What are the new goalposts for the middling programs? It's considerably harder to win the conference with more teams, even if you ignore the haves and the have nots. A team like Minnesota might never win a conference title again.

So, then do we look to beating our rivals? Well, they took most of our rivals away. We do still get to play Iowa and Wisconsin (for now).

With these bigger, tougher conferences, it'll be hard to qualify for bowl games.

So you're left with formerly mediocre programs going 4-8...they're playing UCLA and Maryland in October, so there's no fun little side bets with your cubicle mates because you don't know anyone that went to UCLA or Maryland.

There's no bowl game. All of your good players transfer after the season.

What's the point of being a fan?

The money HINGES on people staying interested. They have their work cut out for them.

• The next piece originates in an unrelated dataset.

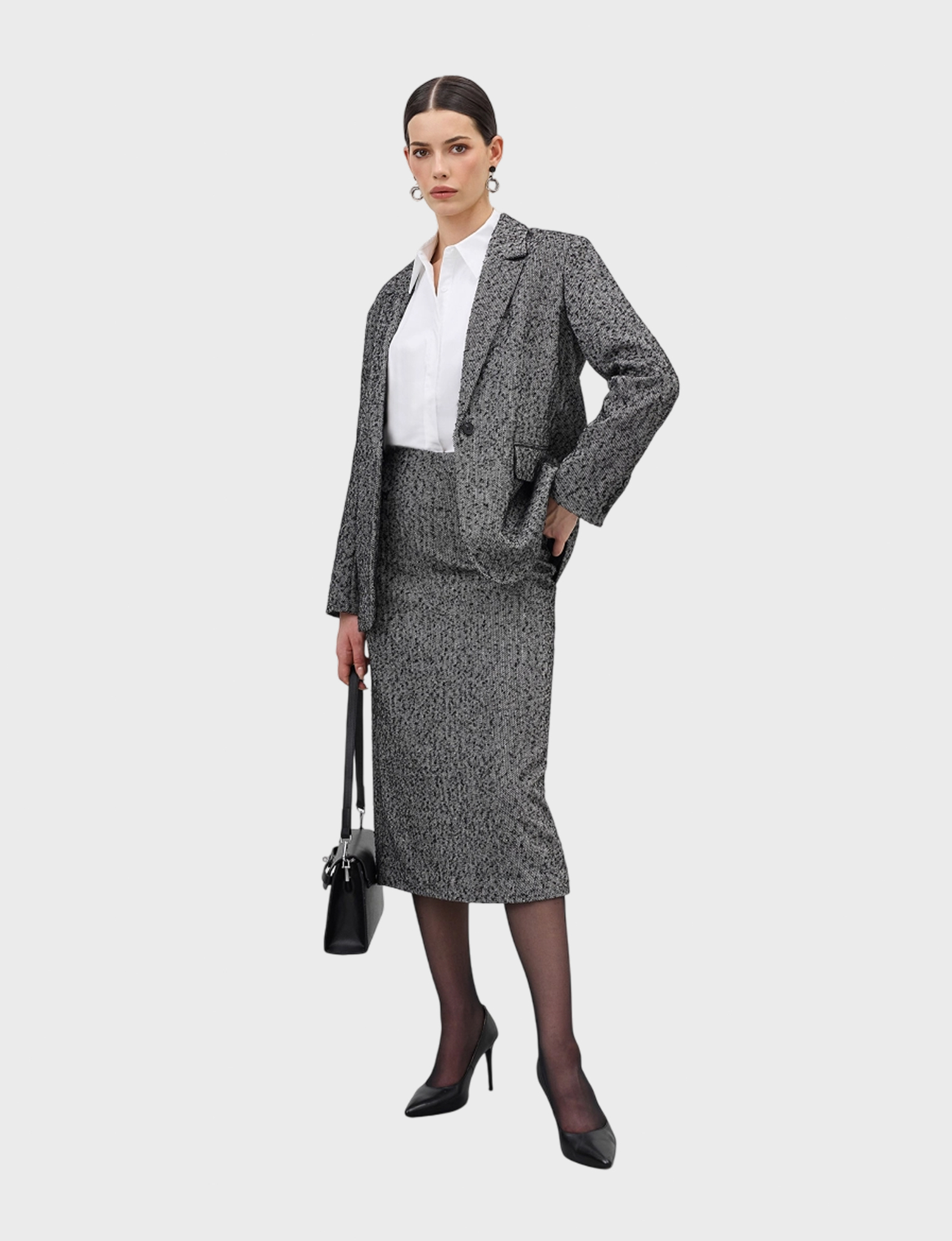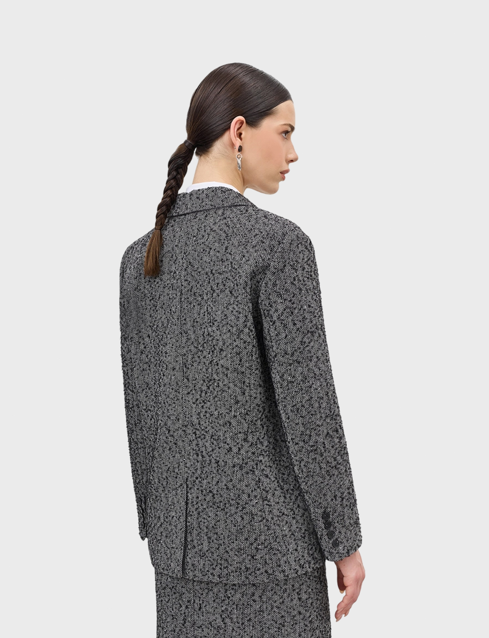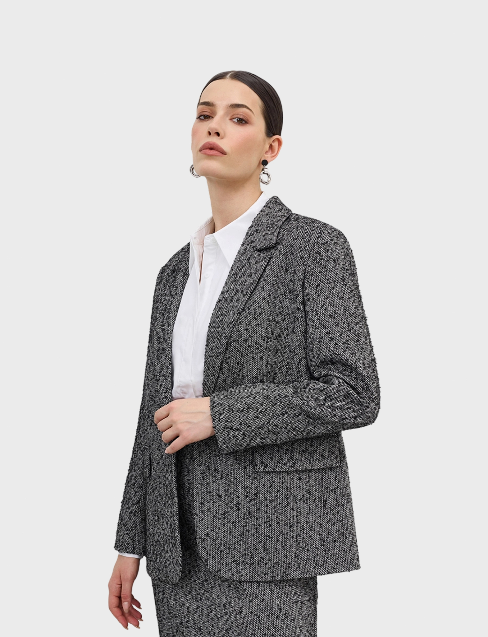 Однобортный жакет из твида с эффектом "букле". Прямой силуэт. Классический английский воротник с лацканами. Застежка на пуговицу. Боковые карманы с клапанами.

(and all of the above is ignoring the fact that they expect you to spend an extra 10 hours this fall watching Jeep and Bud Light commercials to help pay for the obscene contracts)
 



PJ is a knucklehead but he does a good job in every facet of the job but for game day. The games can be really shitty to watch with how he coaches and his philosophy let’s hope he changes his best going forward.
 

PJ is a knucklehead but he does a good job in every facet of the job but for game day. The games can be really shitty to watch with how he coaches and his philosophy let’s hope he changes his best going forward.

Knucklehead? Maybe that is how they post on Reddit... this is GH and posting here should be considered a privilege.